Aim of the task | The output is a word-for-word repeat of the listing below, free of images.

Given data Start Marker

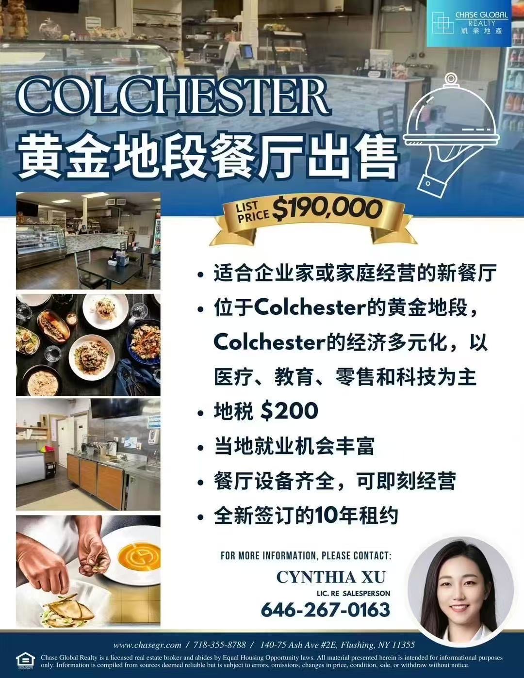 🔥 凯业地产Colchester黄金地段餐厅出售 🔥💰 售价仅$190,000📍 S Main Street, Colchester, CT 06415 USA🔹 适合企业家或家庭经营的全新餐厅🔹 年地税仅$200🔸 餐厅设备齐全,接手即可运营🔹 刚签订的10年稳定租约🔸 餐厅位于Colchester黄金地段,周边经济多元,涵盖医疗、教育、零售和科技产业,提供丰富就业机会📞 欢迎合作!预约看店请联系:
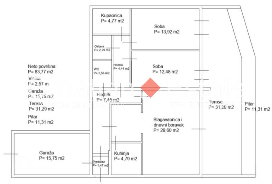 - Privatna garaža, površine 15,75m2, do koje postoji direktan ulaz iz stana
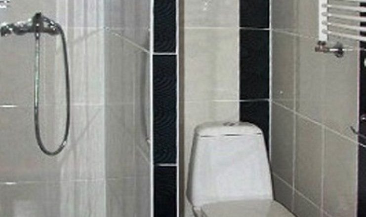 Санузел: душ, раковина, унитаз, туалетные принадлежности, фен
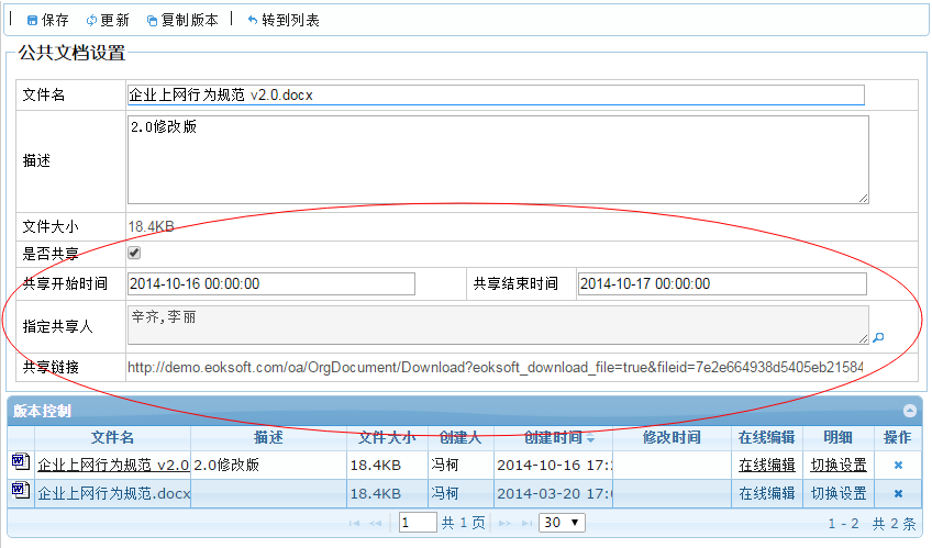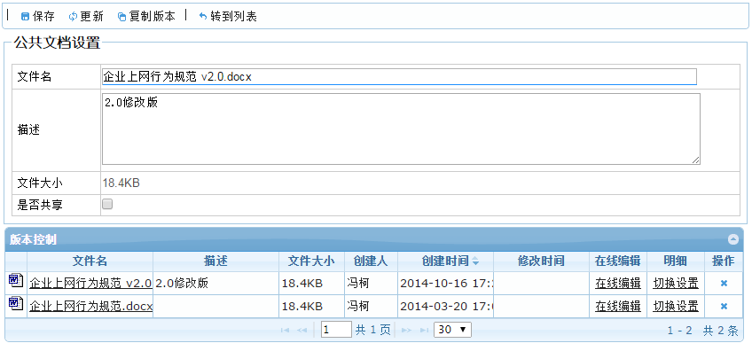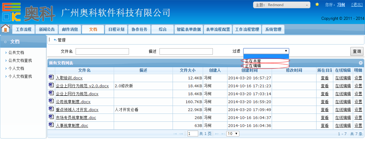 对有权限的用户,系统提供文件下载、在线阅读功能: ![]() ![]() 对有权限的用户,系统还提供文件在线编辑功能: ![]() ![]() 公共文档(知识库)高级功能所有文档都支持版本管理: ![]() 所有文档都支持共享(借阅)和取消共享(归还): ![]() 同时,通过“公共文档查找”,可筛选出“正在共享”(正在借阅)、“正在编辑”的文档: ![]() 个人文档个人文档跟公共文档类似,但针对的目标是登录用户本人。 ![]() 个人文档同样有文件下载、在线阅读、在线编辑、文件共享(借阅)、取消共享(归还)、文件版本管理、文件查询等功能服务。 |

Given data End Marker

Answer |
 🔥 凯业地产Colchester黄金地段餐厅出售 🔥💰 售价仅$190,000📍 S Main Street, Colchester, CT 06415 USA🔹 适合企业家或家庭经营的全新餐厅🔹 年地税仅$200🔸 餐厅设备齐全,接手即可运营🔹 刚签订的10年稳定租约🔸 餐厅位于Colchester黄金地段,周边经济多元,涵盖医疗、教育、零售和科技产业,提供丰富就业机会📞 欢迎合作!预约看店请联系:
 - Privatna garaža, površine 15,75m2, do koje postoji direktan ulaz iz stana
 Санузел: душ, раковина, унитаз, туалетные принадлежности, фен
 对有权限的用户,系统提供文件下载、在线阅读功能: ![]() ![]() 对有权限的用户,系统还提供文件在线编辑功能: ![]() ![]() 公共文档(知识库)高级功能所有文档都支持版本管理: ![]() 所有文档都支持共享(借阅)和取消共享(归还): ![]() 同时,通过“公共文档查找”,可筛选出“正在共享”(正在借阅)、“正在编辑”的文档: ![]() 个人文档个人文档跟公共文档类似,但针对的目标是登录用户本人。 ![]() 个人文档同样有文件下载、在线阅读、在线编辑、文件共享(借阅)、取消共享(归还)、文件版本管理、文件查询等功能服务。 |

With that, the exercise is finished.